The repairs will take place in seven trunk sewers, located in Camuy and Arecibo with an allocation of over $25 million; Caguas, with $24.1 million; Hormigueros and Mayagüez, with $21 million; Arroyo-Guayama, with $15 million; Ponce, with $14.3 million; Carolina and Loíza, with $8.2 million; and Vega Baja, with $6 million.
“These funds will provide the resources for Puerto Rico to improve nearly 82,000 linear meters of pipelines distributed throughout different sites on the island. These improvements will allow for a more efficient long-term use of water. Also, it will directly impact the health of communities by preventing wastewater overflows which can cause serious health problems,” said the Federal Disaster Recovery Coordinator for Puerto Rico, José G. Baquero.
The pipes of the trunk sewers suffered damage because of the winds, floods and debris that traveled through them during Hurricane María, in addition to the sediment and blackouts that occurred because of the event.
The repairs of these pipelines are necessary to transport raw waters to the treatment plants with as less waste as possible. The treatment plants process the waters until they become adequate water for human, industrial or agricultural use; and eliminates any risk of contamination to the bodies of water on the area, FEMA officials said.

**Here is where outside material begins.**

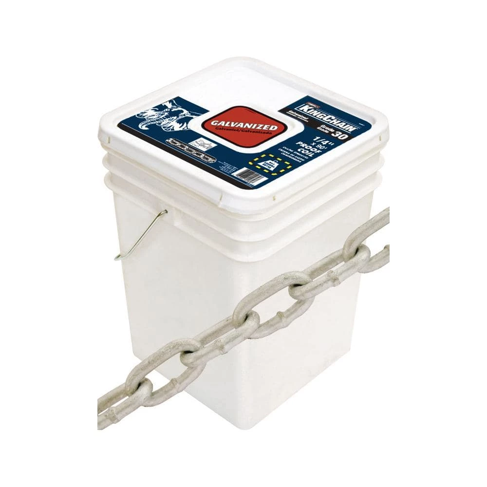 KingChain Grade 30 chain is an excellent general purpose, low carbon utility chain. The chain is manufactured to NACM standards. Each link is proof tested 2 times and the break load is 4 times the Safe Work Load (design factor 4:1). It is recommended for applications that do not require high strength-to-weight ratios. It is often used on farms, in industry and at home for general purpose applications, such as pulling stumps, lashing cargo, truck tailgates and guard rails. Chain is galvanized which provides with excellent corrosion resistance. Do not use for overhead lifting. Never exceed the Safe Working Load (SWL).

The work seeks to eliminate cracks and holes in the pipes that would otherwise allow roots and rainwater to enter and cause operational problems, such as stoppage, overflows, and mechanical failures.
Meanwhile, PRASA’s Executive President Doriel Pagán said that through an “innovative method to repair sewers,” the public corporation will restore the damage to the sanitary culvert system without having to open trenches or ditches.
Rehabilitation will take place through the Cured-in-Place-Pipe (CIPP) restoration strategy. With this technique, pipes are repaired from the inside with a resin that “cures” or seals once it is in place.
This work does not require excavation, which simplifies the process. The cured pipes offer efficiency and durability. Most of the restorations through this technique are designed to provide a life cycle of about 50 years, she said.
Meanwhile, Central Office for Recovery, Reconstruction and Resiliency Executive Director Manuel A. Laboy, said PRASA’s recovery work continues at a steady pace.
“The obligation of funds for these new recovery projects will provide more resiliency to the system to support the continuity of services directed toward customers,” he said.
The $3.6 billion allocation approved last year through FAASt will contribute to the restoration of 3,000 permanent projects, which include water and wastewater treatment plants, dams, and reservoirs, among other PRASA critical water infrastructure that provides drinking water to its clients.
FAASt is possible through the Bipartisan Budget Act of 2018 (BBA), which ensures that Puerto Rico rebuilds its critical service facilities according to current industry standards and without regard to pre-disaster conditions.